━━━━━ AVAILABLE DATA ━━━━━
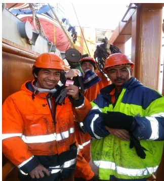
Crew of Shippergracht at Pier 80. Happy to receive winter gloves & hats
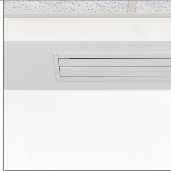
In Ceiling (Closed)
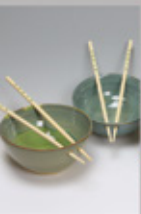
Full Moon Crafts
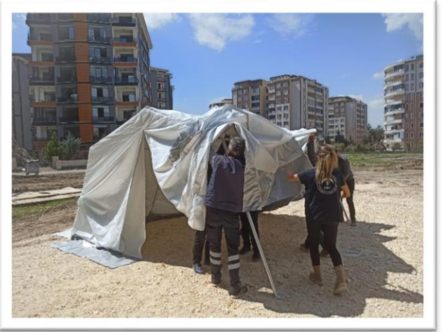
Tents set up in Adiyaman with the support of WHH
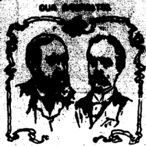
For President. BENJAMIN HARRISON. For Vice-President. WHITELAW REID.
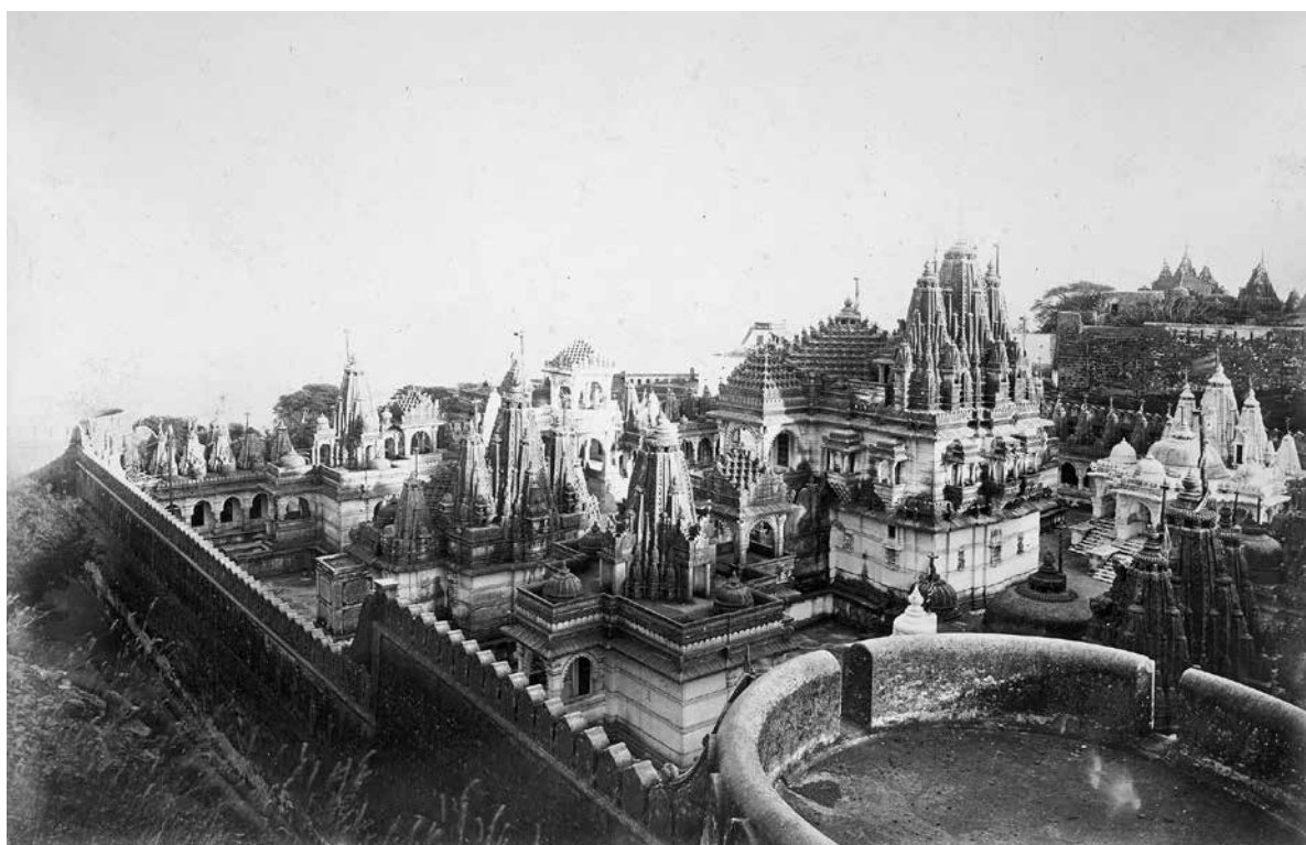
1 'Motisah Tuk from the northwest in Satrunjaya', Edmund David Lyon, photographic print from glass plate negative, 1869.
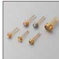
Stem Type LED
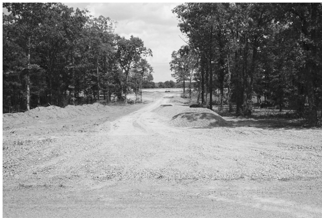
Entrance to the drag strip.

Each person entering into the track will receive a Get Out of Hell Free Card with the Romans Road on the back of it along with a salvation prayer.
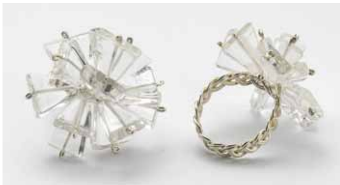
Diamond Cut Ring - Clear Quartz
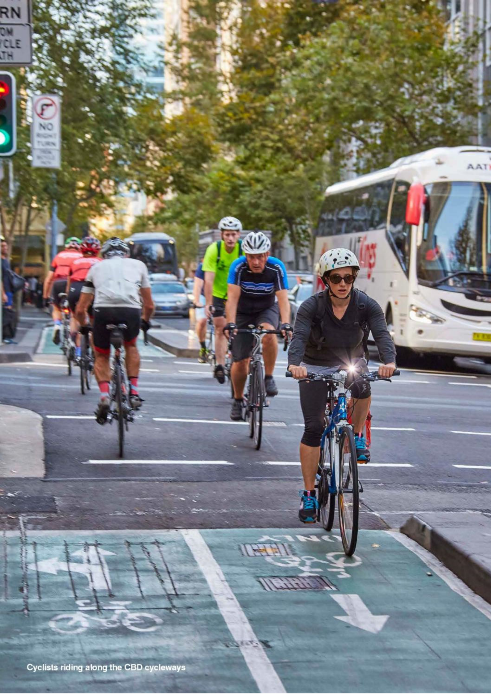
Cyclists riding along the CBD cycleways
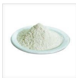
Dried Ferrous Sulphate
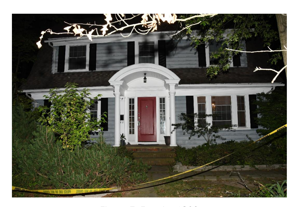
Figure 7, Exterior 1309

2024-2614 Officer Involved Critical Incident - 1309 Yellowstone Rd., Cleveland Hts., Ohio 44121
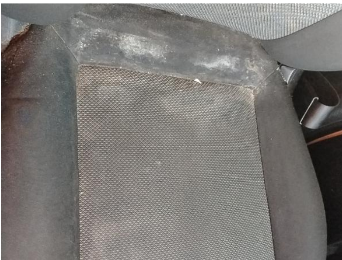
7: Seat Base Cover nsf Soiled Heavy
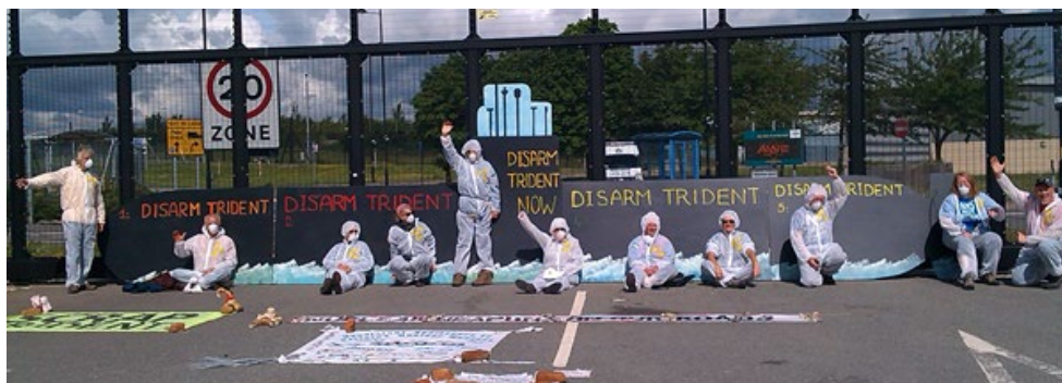
Protestors with a giant plywood submarine 'locked on' to block the Construction Gate most effectively.
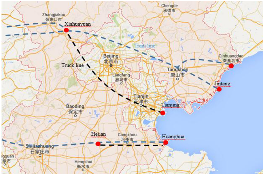
Figure 1. Coal container logistics chain in north China
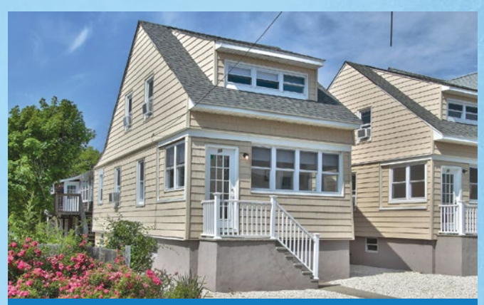
Oceanside – 2 BR 1 BA – $1,000-$1,525/week
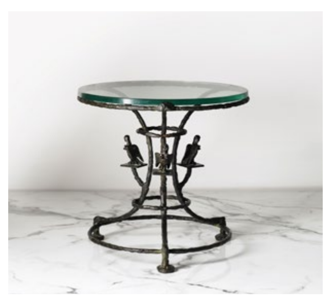
Guéridon aux harpies, vers 1970 Bronze patiné et dalle de verre Estimation : 70.000 − 100.000 €
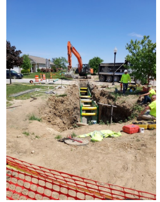
Crossing storm sewer at library on ASW
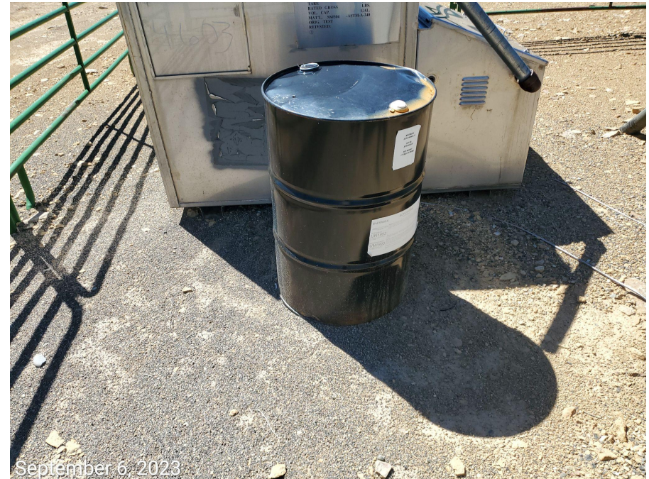
Photo 4: Photos taken from the well. Photo left shows signage does not comport with ECMC requirements. Photo right shows unused barrel of “Paraffin” stored on Location.
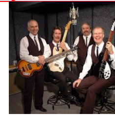
"Abbey Road Band -- A Tribute to the Beatles" Saturday, January 16, 2016 -- 7 PM

The Abbey Road Band is made up of four superlative musicians, who share the passion of those Beatles fans who witnessed that first wave of "Beatlemania" in the early sixties. The band understands the audiences who were swept up in the wave of Beatles music from the first chord on the "Ed Sullivan Show" to the last song on the album "Let it Be" and beyond. The Abbey Road Band doesn't wear Beatle wigs or period costumes, they have something far better. They were there. They lived the Beatles explosion and have dedicated their musical lives to recapture that perfect music and that perfect moment.
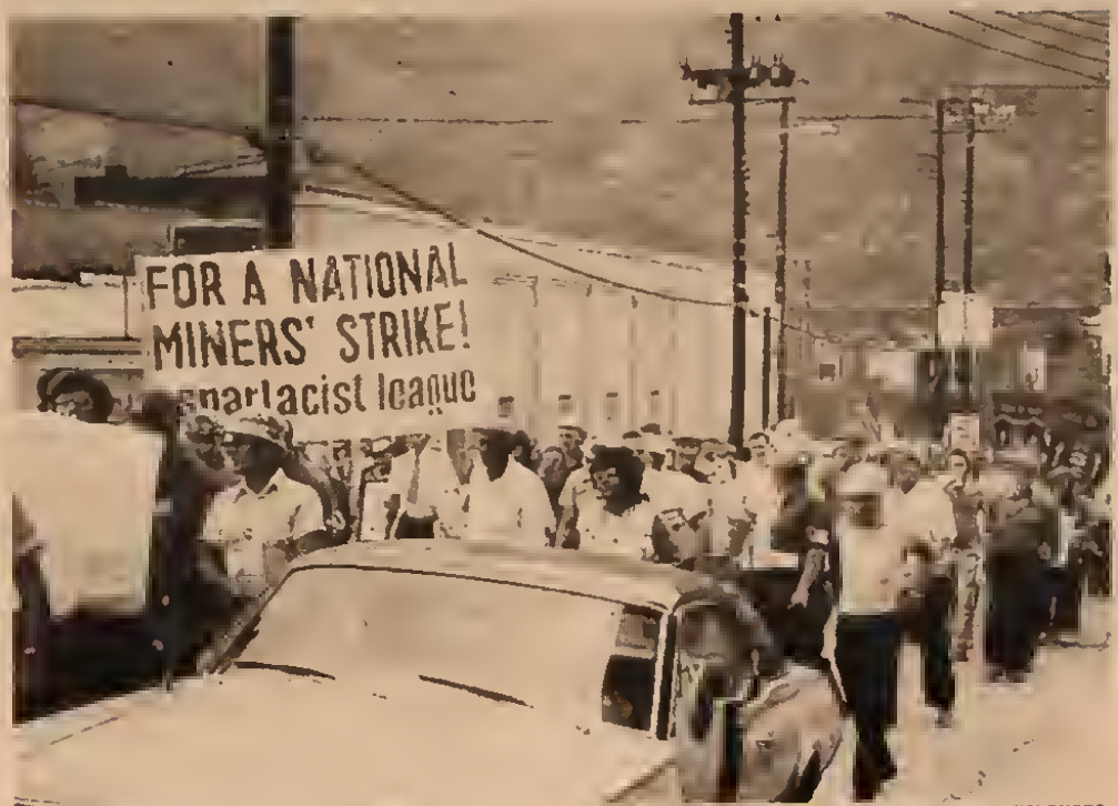
Miners march at Harlan, Kentucky, during UMW "memorial" in August.

A recent UMW Journal (1-15 October), while promising the union will back new organizing drives, states that "...the key factor, at Brookside, will be the miners themselves and their fam-
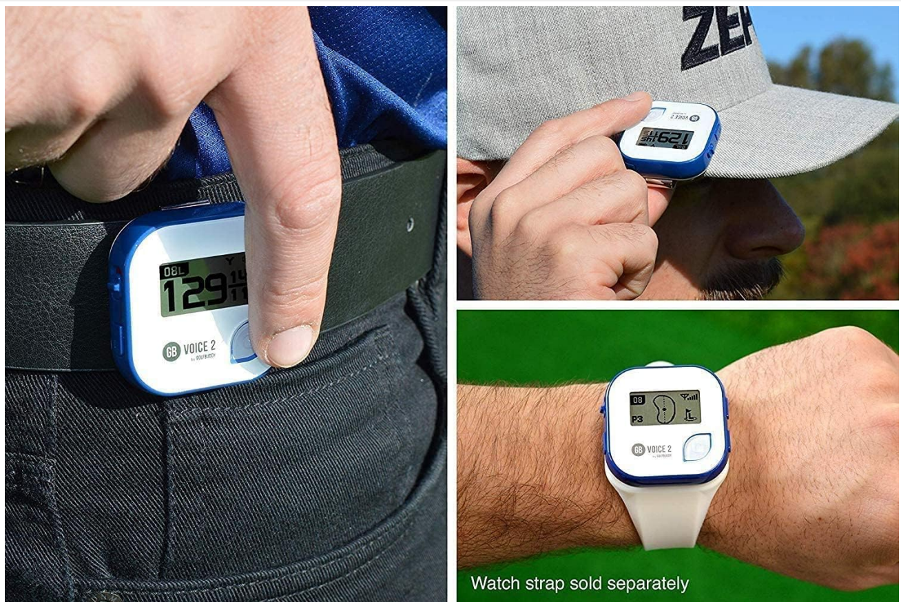
Figure 6: Various ways to wear and use the GOLFBUDDY Voice 2S+.
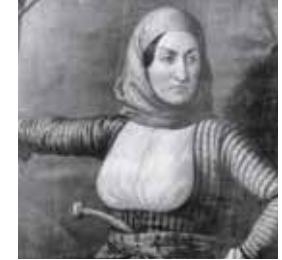
Laskarina Pinotsi (Bouboulina) (1771-1825) Ship owner, heroine of the Greek Revolution, naval commander.
━━━━━
● WHAT IS NEEDED:
Word for word, set down every record, keeping the images out.

● SOLUTION FOR THIS TASK:
Crew of Shippergracht at Pier 80. Happy to receive winter gloves & hats
In Ceiling (Closed)
Full Moon Crafts
Tents set up in Adiyaman with the support of WHH
For President. BENJAMIN HARRISON. For Vice-President. WHITELAW REID.
1 'Motisah Tuk from the northwest in Satrunjaya', Edmund David Lyon, photographic print from glass plate negative, 1869.
Stem Type LED
Entrance to the drag strip.

Each person entering into the track will receive a Get Out of Hell Free Card with the Romans Road on the back of it along with a salvation prayer.
Diamond Cut Ring - Clear Quartz
Cyclists riding along the CBD cycleways
Dried Ferrous Sulphate
Figure 7, Exterior 1309

2024-2614 Officer Involved Critical Incident - 1309 Yellowstone Rd., Cleveland Hts., Ohio 44121
7: Seat Base Cover nsf Soiled Heavy
Protestors with a giant plywood submarine 'locked on' to block the Construction Gate most effectively.
Figure 1. Coal container logistics chain in north China
Oceanside – 2 BR 1 BA – $1,000-$1,525/week
Guéridon aux harpies, vers 1970 Bronze patiné et dalle de verre Estimation : 70.000 − 100.000 €
Crossing storm sewer at library on ASW
Photo 4: Photos taken from the well. Photo left shows signage does not comport with ECMC requirements. Photo right shows unused barrel of “Paraffin” stored on Location.
"Abbey Road Band -- A Tribute to the Beatles" Saturday, January 16, 2016 -- 7 PM

The Abbey Road Band is made up of four superlative musicians, who share the passion of those Beatles fans who witnessed that first wave of "Beatlemania" in the early sixties. The band understands the audiences who were swept up in the wave of Beatles music from the first chord on the "Ed Sullivan Show" to the last song on the album "Let it Be" and beyond. The Abbey Road Band doesn't wear Beatle wigs or period costumes, they have something far better. They were there. They lived the Beatles explosion and have dedicated their musical lives to recapture that perfect music and that perfect moment.
Miners march at Harlan, Kentucky, during UMW "memorial" in August.

A recent UMW Journal (1-15 October), while promising the union will back new organizing drives, states that "...the key factor, at Brookside, will be the miners themselves and their fam-
Figure 6: Various ways to wear and use the GOLFBUDDY Voice 2S+.
Laskarina Pinotsi (Bouboulina) (1771-1825) Ship owner, heroine of the Greek Revolution, naval commander.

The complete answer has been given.